Years after Emily Leffler left Oberlin College, completing just two semesters there, she still found herself mentioning that she had attended the prestigious Ohio liberal-arts college, even though she eventually finished her undergraduate studies at a public university.

Ms. Leffler worried that people would make assumptions about her based on the school where she earned her degree. "Even if it was in my own head, I felt it," says Ms. Leffler, 28 years old. So she'd slip in to a conversation that she started at Oberlin. "I'd name-drop," she says. "People know Oberlin. It holds weight."

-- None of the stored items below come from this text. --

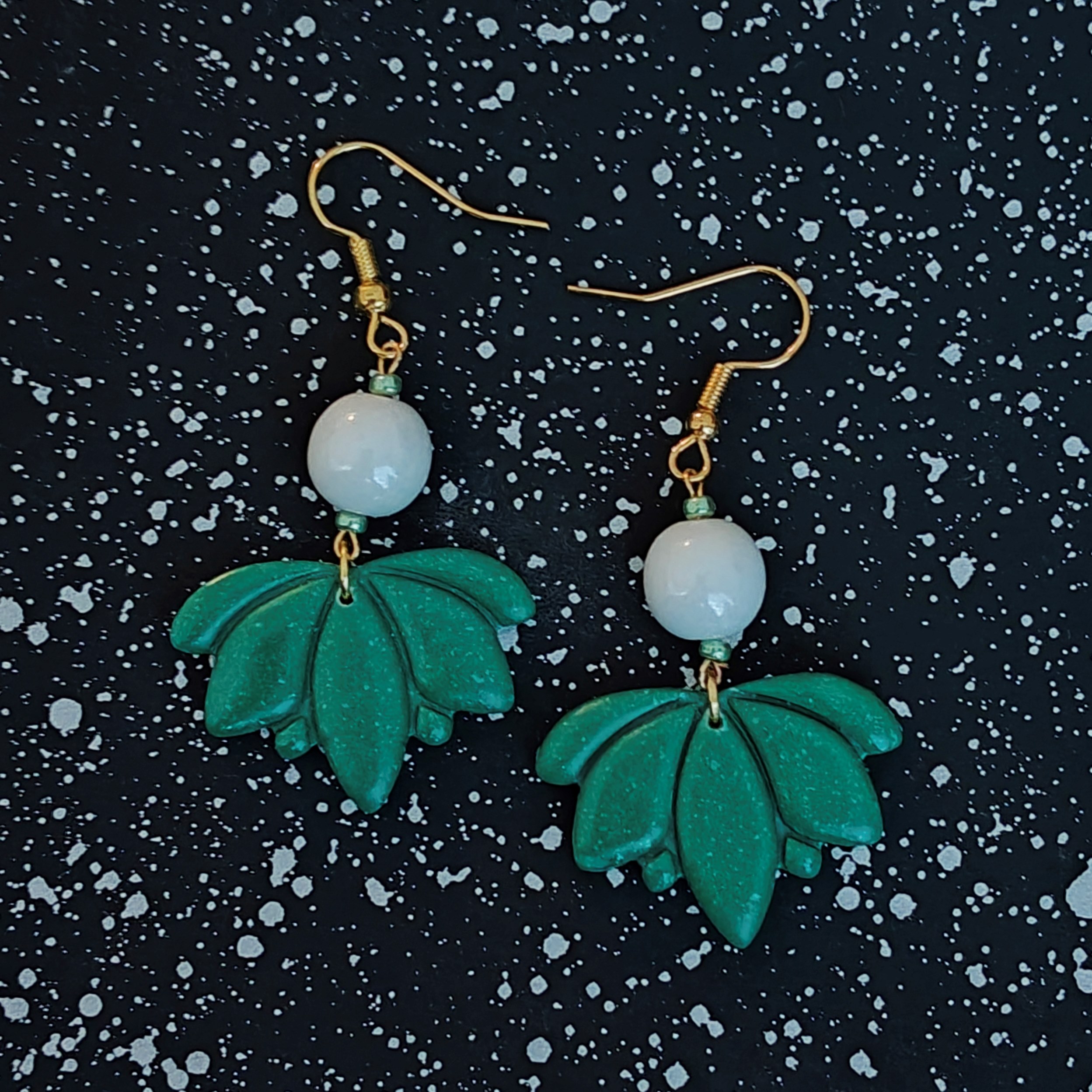 Korvakorut polymeerimassasta, lisänä lasihelmi. Koukut messinkiä. Korkeus koukun kanssa n. 5,5 cm.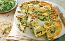 Cook the potatoes in a large saucepan of boiling water until just soft. This will take about 10 minutes. Drain and then slice. Place in a large bowl.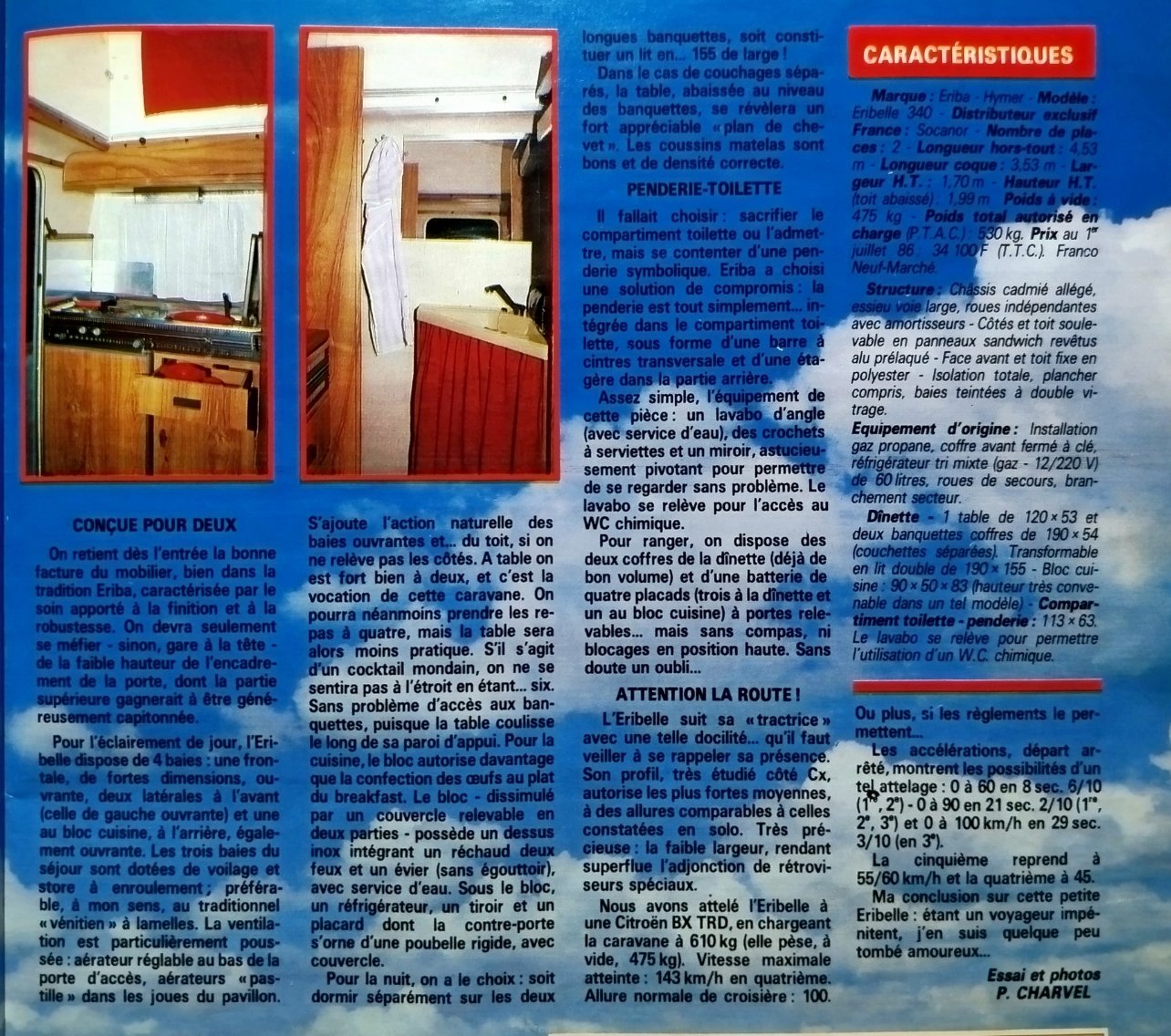 Merci pour les infos supplementaires , d autres modeles existent . Des mardi je verrai avec Eriba , mais je pense que la mienne est bien une 340 , merci a Christophe pour ces conseils bonsoir a tous ! Perrey

For many young people, the cachet of having attended an esteemed college or university is a valuable asset. Some think the prestige factor opens doors when it comes to landing a job in competitive fields, while others rely on the power of their alma maters' social networks to build friendships and career connections.

How Much Does It Matter?

And it's for good reason, according to some career consultants. Prestigious schools typically maintain extensive alumni databases that can be valuable tools for job seekers. "You have a ready-made list of contacts," says Kate Wendleton, president of fiveoclockclub.com, a career-coaching firm in New York. While the benefits are there for a select few, "having gone to a prestigious school gives you such an edge in a job search. It's really unfair" for others who didn't go to elite schools, she says.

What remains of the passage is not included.